Mike Koozmin/The S.F. ExaminerThe Byers family gathers belongings last week while preparing to leave their $2

With no rent control, tenants losing grip on single-family homes

The housing market’s ebbs and flows sent Charles and Christine Byers bouncing around the Bay Area, from San Francisco to the East Bay and then back again. But after living with their two children in a $2,500-a–month two-bedroom, one-bathroom home on 20th Avenue for almost five years, they soon might have to move into a recreational vehicle.

As experienced renters — Charles Byers has lived on and off in the Sunset district since graduating from San Francisco State University in the early 1980s — the Byers thought their landlord was in for a surprise in October when they received notice of a $400 monthly rent increase.

But a visit to the San Francisco Rent Board revealed the hard truth: Rent control does not extend to single-family homes. The increase was valid — and one the family simply could not afford.

“That was really out of the blue,” said Charles Byers as he put clothes and toys into boxes Friday in the home’s high-ceiling, ornately molded living room while his children – Brendon, 1½, and Natalya, 4½ — crawled over the mismatched furniture that would soon be in storage.

More and more renters of detached homes in San Francisco’s outer neighborhoods — places once attractive to families with children, like the Byers — are discovering this hard fact of housing law the hard way.

Single-family homes rented after Jan. 1, 1996, are not subject to rent stabilization under the Costa-Hawkins Act, a state law.

Hard data on big rent increases for single-family homes is hard to find. The Rent Board does not keep separate numbers on such cases, and rent increases that are not petitioned are not recorded.

Still, “we’re definitely seeing more of these,” said Ted Gullicksen, executive director of the San Francisco Tenants Union.

The Tenants Union drop-in clinic handles about 100 such cases every month, Gullicksen estimated.

Tenants renting condominium units from a landlord are similarly not protected by rent control, regardless of the age of the building.

“It’s not well-known at all,” Gullicksen said. “I would say most tenants who move into a single-family home have no idea they don’t have rent control protection.

“The fact is,” he added, “a landlord [of a single-family home] can raise the rent by any amount and do it as often as they want.”

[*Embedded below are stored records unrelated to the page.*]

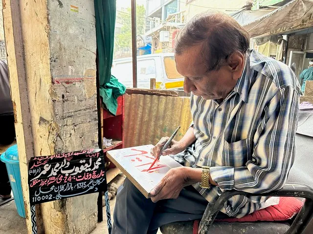 Even today, Shakeel continues to paint shop boards, nameplates, and Urdu lettering. If you walk through the lanes of Old Delhi and observe carefully, you might notice a small signature in the corner of some boards: “Shakeel Art.”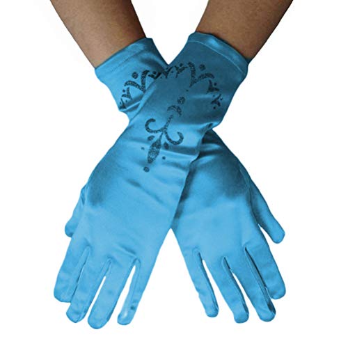 Wination Princess Elsa handskar, vacker och elegant satintyg prinsesshandskar utklädnad fest prestanda fotografitillbehör, lämpliga för barn i åldrarna 4–12 (med broderi), BLÅ, S/M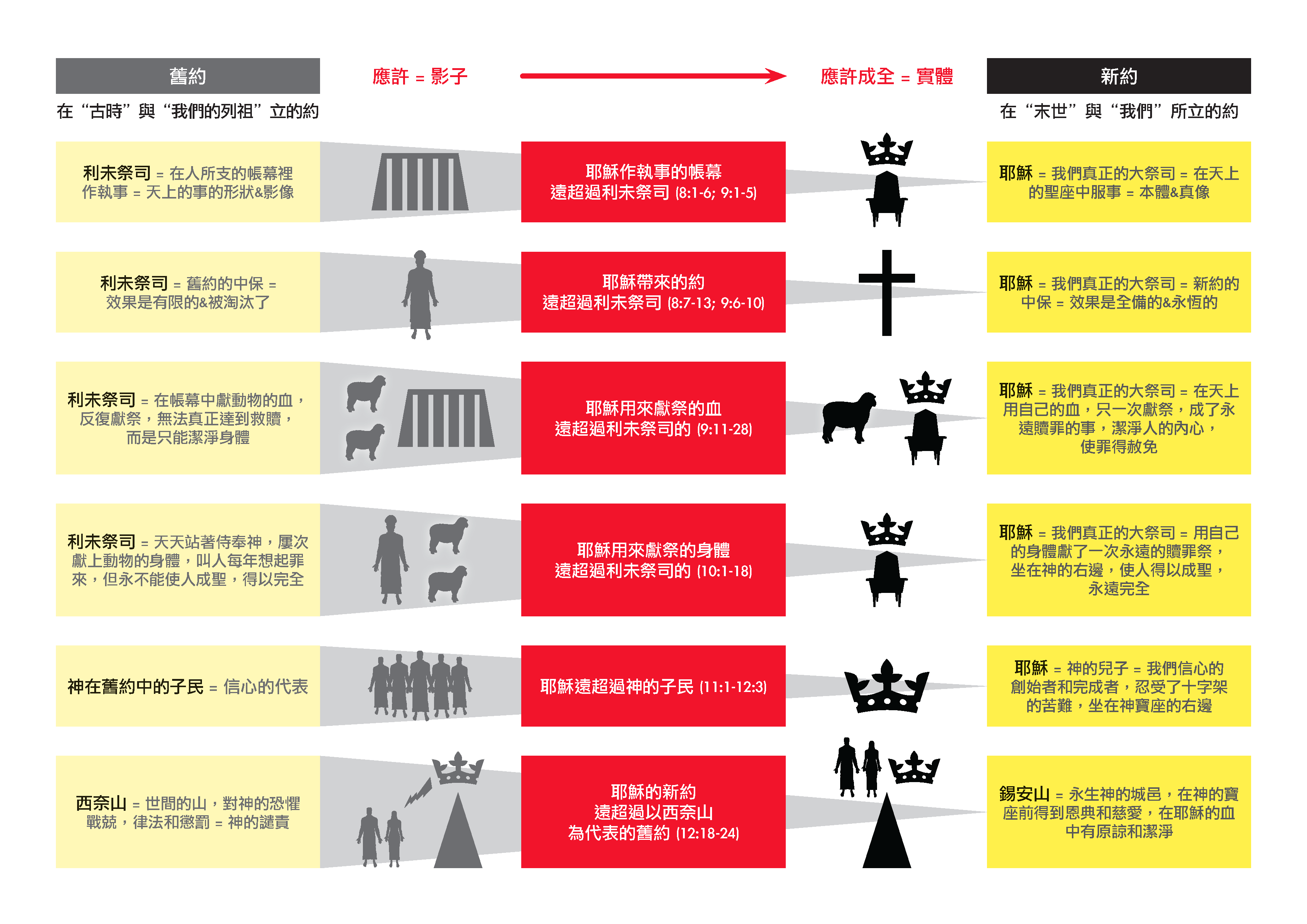 The shadow and the reality in the book of Hebrews, i.e. the contrast between the old and new covenants. Traditional Chinese script, translated by mimaigongfang.com. PDF version (316 KB).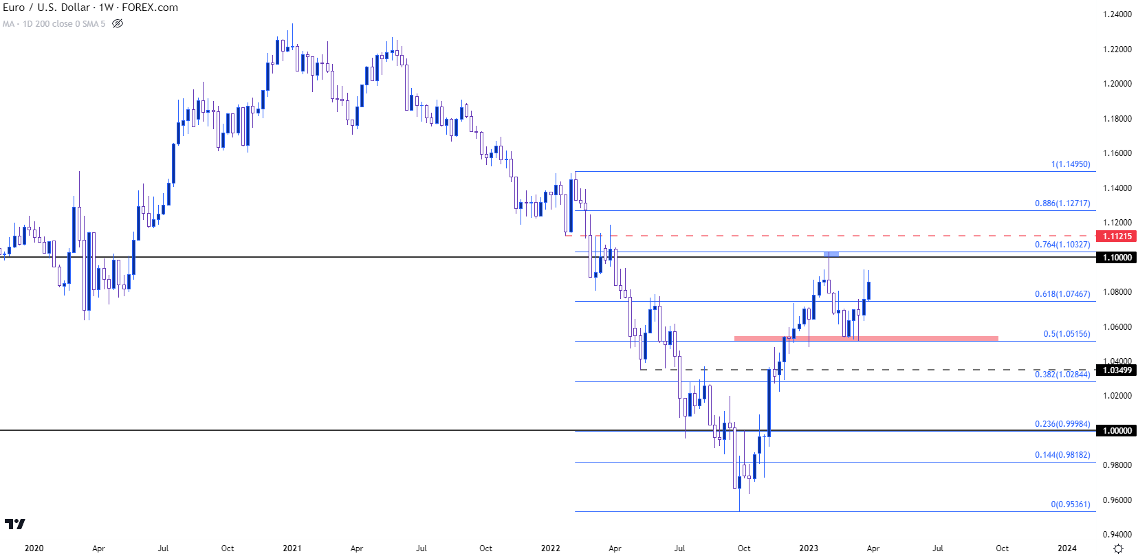虽然2023年的第一周走势坎坷,但欧元/美元在1.0500附近获得支撑,随后非常糟糕的服务业PMI报告推动美元再次走弱。这使得欧元/美元延续涨势,最终在2月初触及阻力位1.1033。这是从去年2月到9月低点的主要走势的76.4%斐波那契回撤位,价格在此处遇阻后,空头接管了接下来六周的大部分时间,直到另一个支撑位出现。

Rent control, however, does apply if the single-family home has been “subdivided,” even illegally, according to the Rent Board.

But none of that helps home renters on the receiving end of a big rent increase on what used to be considered affordable housing for families in The City.

“There should be a rule, something where the landlord has to tell a prospective tenant” that a house isn’t rent controlled, said Jeffery Lactaoen, 48, a Bernal Heights native who will have to leave a Bayview district home he rents with his partner, Robert Brownstein — and The City altogether — following a $1,000 monthly rent increase.

For Lactaoen, who has HIV, leaving San Francisco means leaving behind HIV treatment and a housing subsidy — which wouldn’t happen if his unit had rent stabilization. “We should have some protection too.”

For the Byers, they don’t harbor ill will toward their landlord — who, according to records, paid $800,000 for the home shortly before renting it to the family.

“They have a big mortgage,” Charles Byers said.

Despite Charles Byers taking home $75,000 a year as a paralegal for a global law firm’s San Francisco office, the Byers are temporarily crashing with family in Gilroy while shopping for an RV as they plot their next move.

“It’s not like we’re indigent,” said Christine Byers, who took time off from her family therapy practice to care for the couple’s 1½-year-old son. “That should be enough for a family to live on in San Francisco, but it’s not.”